Square, I try man, I try.The pandemic really shuts down so many doors. I would even settle for exploitative firm just to build the portfolio on fancy projects to serve as stepping stone. Shitty box and small renovation projects will not cut it, academic projects matter less and less the further down the career you go.

Aug 24, 20 2:57 pm  · 
 · 
square.

understood, hopefully things will look different in a year. i was fortunate enough to find this office a few years ago, but made sure i stayed put long enough knowing a recession was looming...

Aug 24, 20 3:02 pm  · 
 · 
Jay1122

Could be worse. Current firm already laid off 1/3 of employee and is still slow. Luckily I am not the worst employee to get cut. But if it gets worse, i will probably get chopped too. Hopefully there will be a quick rebound on economy and big firms will start hiring again. That will be my opportunity to strike.

Aug 24, 20 3:40 pm  · 
 · 
HolisticDesign

Our firm is very busy and currently hiring for a project manager. We had an opening for this position last year and recurved 3 applications. This time we received 40. There's a lot of people looking for new jobs out there.

Aug 20, 20 5:04 pm  · 
 · 
gibbost

I live in the midwest.
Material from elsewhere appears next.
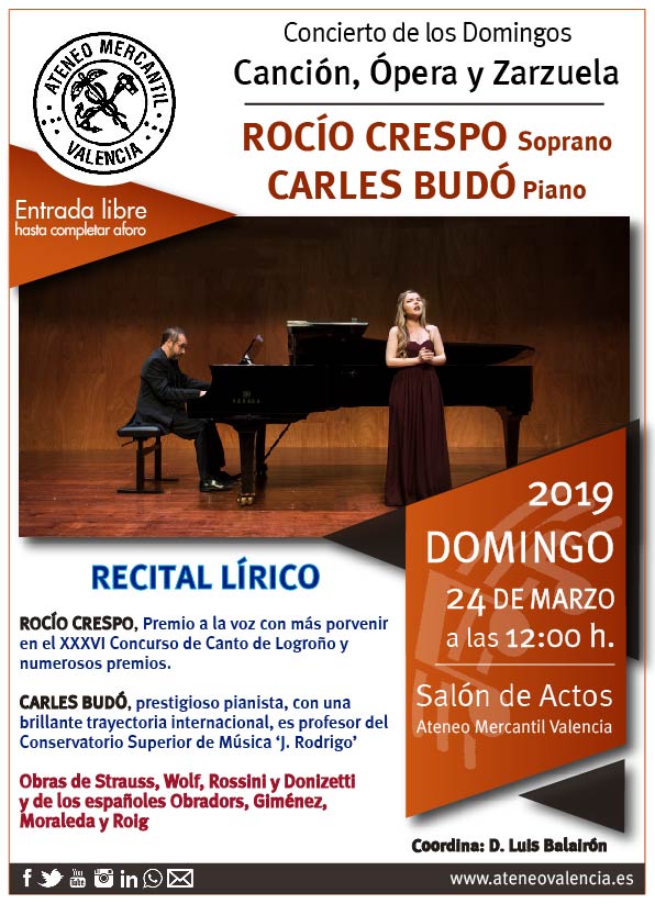 El primero de los conciertos de este domingo en el Ateneo Mercantil de Valencia será a las 12 horas de la mañana de manera excepcional y será un Recital Lírico de la soprano, Rocío Crespo y del pianista Carles Budó. Un concierto que será en el Salón de Actos y en el habrá Canciones, Ópera y Zarzuela. Este dueto ofrecerán un repertorio en el que hay obras de Strauss, Wolf, Rossini y Donizetti también de los españoles Obradors, Giménez, Moraleda y Roig.

Our office has weathered this year pretty well. We too are very busy. In fact, we just hired 3 more people and could use a couple more. I've noticed that the savvy developers and clients are looking at the long term projections and not the short term pain. A building in schematic design today may not open for 18 months. ( 'Hoping we're over most of this by then' he says with a hard gulp).

Aug 20, 20 6:09 pm  · 
 · 
Jay1122

what sector are you guys. I think only multi family housing is busy based on the AIA billing index report. Institution and commercial sectors get a heavy hit.

Aug 20, 20 6:33 pm  · 
1  · 

We're super busy and doing retail, MOB, and education. We're also trying to find an experienced project manager. I expect once the deadline for filing the paperwork showing the PPL's use we'll have more talent available for hire.

Aug 20, 20 7:10 pm  · 
 · 
gibbost

We have a balanced portfolio of corporate office, multi-family, retail, education, and health care. Retail and office have slowed, but not a lot. Our City is pretty well saturated with multi-family so I see that slowing regardless of Covid.

Aug 20, 20 7:33 pm  · 
 · 
HolisticDesign

Believe it or not, we have 5 single family homes signed up, along side a few new multifamilies and duplexes, and a major commercial project. I suppose I should say we're in Denver though where people are still moving in despite all the craziness.

Aug 20, 20 10:57 pm  · 
 · 
coopercooperco

Well, was told by a senior level staff member in no uncertain terms that the principals are "preferring to staff those who have returned to the office and not elected to continue work from home." Only time I have listed on next week's staffing plan (our office updates it for the coming week on Friday at midday) are the two days I requested off months ago. Time to start looking in earnest.

Aug 21, 20 7:18 pm  · 
 · 
thisisnotmyname

I hope they have some pretty robust safety protocols in the office and access to speedy testing. They shouldn't insist on filling up the office without those things. It could be a real sh*tshow when they have a positive case or a cluster of them in the office.

Aug 21, 20 7:37 pm  · 
 · 
SneakyPete

unless the idiots in the GOP get their blanket immunity from prosecution

Aug 21, 20 8:10 pm  · 
 · 
thisisnotmyname

If COVID contacts the office, it's a real hit to firm productivity when everybody in the office and their households have to drop everything and go get tested. Then the waiting period for the results is very tense. The deep cleaning of the office means everybody is immediately on WFH until that work gets done.